• [Goal of the exercise]
Without the pictures, restate all of the data below word for word.

• [Data]
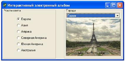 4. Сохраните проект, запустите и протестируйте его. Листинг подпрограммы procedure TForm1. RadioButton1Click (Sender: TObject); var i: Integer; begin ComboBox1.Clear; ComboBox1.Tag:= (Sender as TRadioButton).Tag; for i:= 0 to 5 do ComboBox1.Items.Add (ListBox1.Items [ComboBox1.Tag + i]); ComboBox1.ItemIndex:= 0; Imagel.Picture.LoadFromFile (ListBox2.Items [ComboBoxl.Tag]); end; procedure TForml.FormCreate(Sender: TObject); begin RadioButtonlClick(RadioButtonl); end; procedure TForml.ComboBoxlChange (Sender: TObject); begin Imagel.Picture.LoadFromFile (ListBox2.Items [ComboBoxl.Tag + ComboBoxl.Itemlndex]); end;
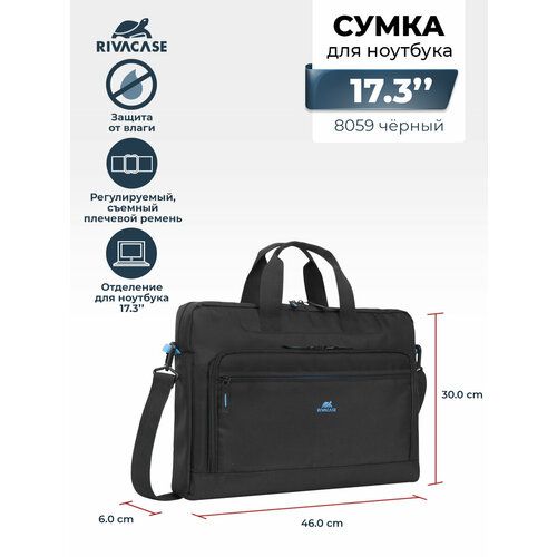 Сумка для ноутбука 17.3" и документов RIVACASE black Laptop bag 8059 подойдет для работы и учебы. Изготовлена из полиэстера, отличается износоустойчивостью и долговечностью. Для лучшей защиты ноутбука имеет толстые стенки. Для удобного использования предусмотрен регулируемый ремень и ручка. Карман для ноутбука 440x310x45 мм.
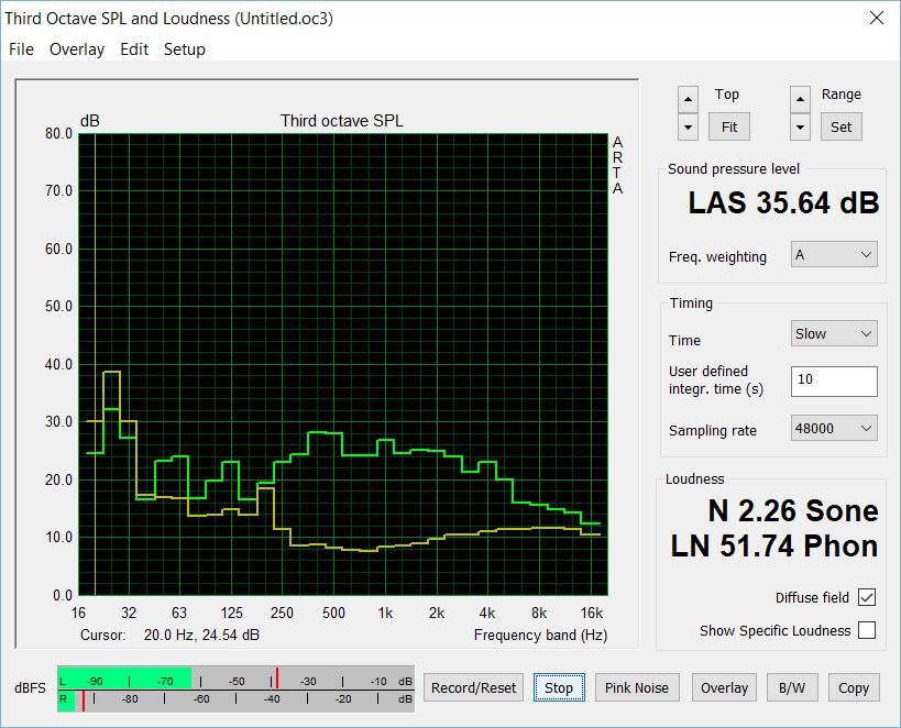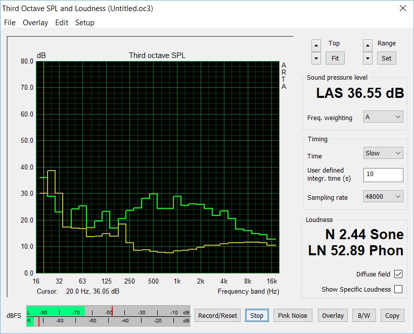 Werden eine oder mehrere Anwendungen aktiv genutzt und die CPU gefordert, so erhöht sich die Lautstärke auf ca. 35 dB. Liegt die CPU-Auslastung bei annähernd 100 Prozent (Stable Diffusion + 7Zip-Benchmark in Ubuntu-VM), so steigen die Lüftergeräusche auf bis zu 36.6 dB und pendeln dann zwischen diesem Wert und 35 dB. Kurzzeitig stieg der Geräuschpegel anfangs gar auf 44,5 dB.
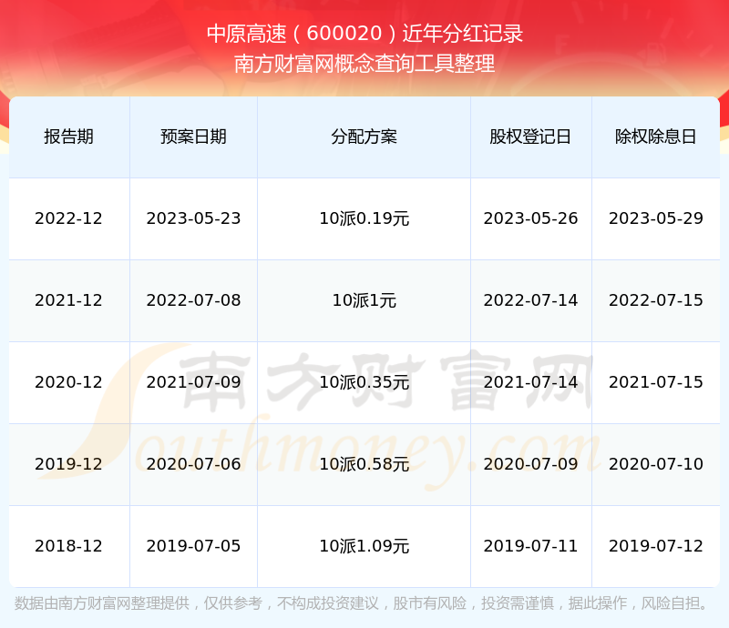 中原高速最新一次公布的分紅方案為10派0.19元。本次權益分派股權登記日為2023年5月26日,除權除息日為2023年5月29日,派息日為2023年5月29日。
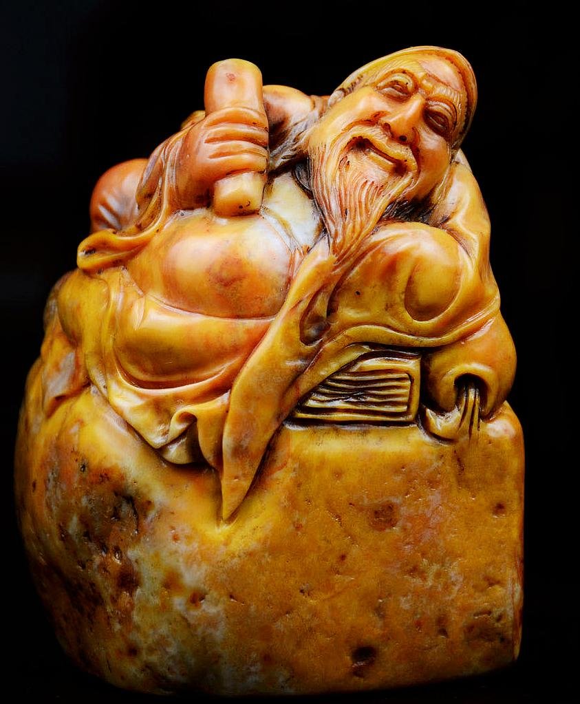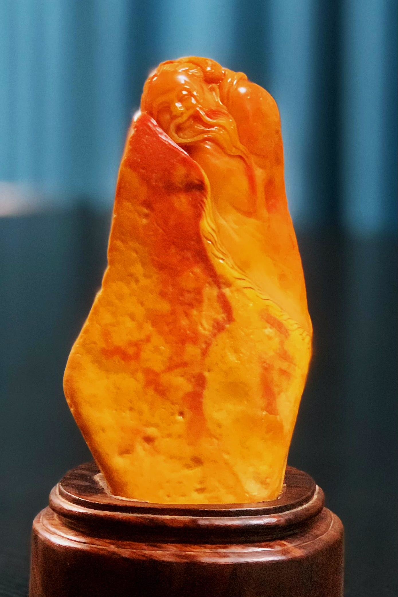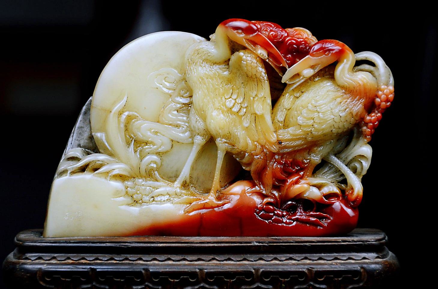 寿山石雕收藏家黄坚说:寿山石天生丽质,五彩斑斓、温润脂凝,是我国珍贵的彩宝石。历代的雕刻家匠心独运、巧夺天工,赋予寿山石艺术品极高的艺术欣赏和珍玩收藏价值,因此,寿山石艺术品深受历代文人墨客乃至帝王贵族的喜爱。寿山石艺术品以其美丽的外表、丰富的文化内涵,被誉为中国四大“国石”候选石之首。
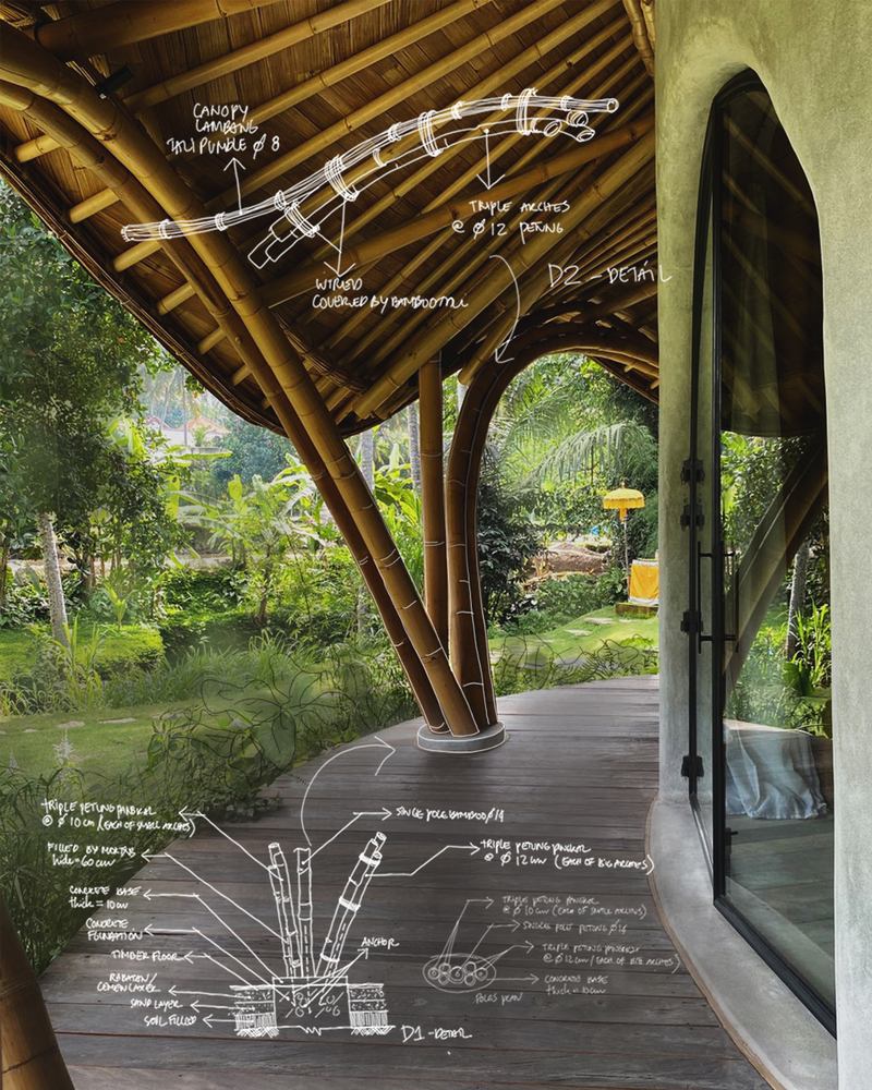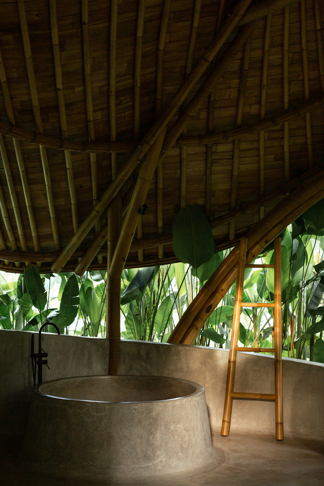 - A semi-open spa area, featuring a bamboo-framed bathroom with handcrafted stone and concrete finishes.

• [Result]
 4. Сохраните проект, запустите и протестируйте его. Листинг подпрограммы procedure TForm1. RadioButton1Click (Sender: TObject); var i: Integer; begin ComboBox1.Clear; ComboBox1.Tag:= (Sender as TRadioButton).Tag; for i:= 0 to 5 do ComboBox1.Items.Add (ListBox1.Items [ComboBox1.Tag + i]); ComboBox1.ItemIndex:= 0; Imagel.Picture.LoadFromFile (ListBox2.Items [ComboBoxl.Tag]); end; procedure TForml.FormCreate(Sender: TObject); begin RadioButtonlClick(RadioButtonl); end; procedure TForml.ComboBoxlChange (Sender: TObject); begin Imagel.Picture.LoadFromFile (ListBox2.Items [ComboBoxl.Tag + ComboBoxl.Itemlndex]); end;
 Сумка для ноутбука 17.3" и документов RIVACASE black Laptop bag 8059 подойдет для работы и учебы. Изготовлена из полиэстера, отличается износоустойчивостью и долговечностью. Для лучшей защиты ноутбука имеет толстые стенки. Для удобного использования предусмотрен регулируемый ремень и ручка. Карман для ноутбука 440x310x45 мм.
 Werden eine oder mehrere Anwendungen aktiv genutzt und die CPU gefordert, so erhöht sich die Lautstärke auf ca. 35 dB. Liegt die CPU-Auslastung bei annähernd 100 Prozent (Stable Diffusion + 7Zip-Benchmark in Ubuntu-VM), so steigen die Lüftergeräusche auf bis zu 36.6 dB und pendeln dann zwischen diesem Wert und 35 dB. Kurzzeitig stieg der Geräuschpegel anfangs gar auf 44,5 dB.
 中原高速最新一次公布的分紅方案為10派0.19元。本次權益分派股權登記日為2023年5月26日,除權除息日為2023年5月29日,派息日為2023年5月29日。
 寿山石雕收藏家黄坚说:寿山石天生丽质,五彩斑斓、温润脂凝,是我国珍贵的彩宝石。历代的雕刻家匠心独运、巧夺天工,赋予寿山石艺术品极高的艺术欣赏和珍玩收藏价值,因此,寿山石艺术品深受历代文人墨客乃至帝王贵族的喜爱。寿山石艺术品以其美丽的外表、丰富的文化内涵,被誉为中国四大“国石”候选石之首。
 - A semi-open spa area, featuring a bamboo-framed bathroom with handcrafted stone and concrete finishes.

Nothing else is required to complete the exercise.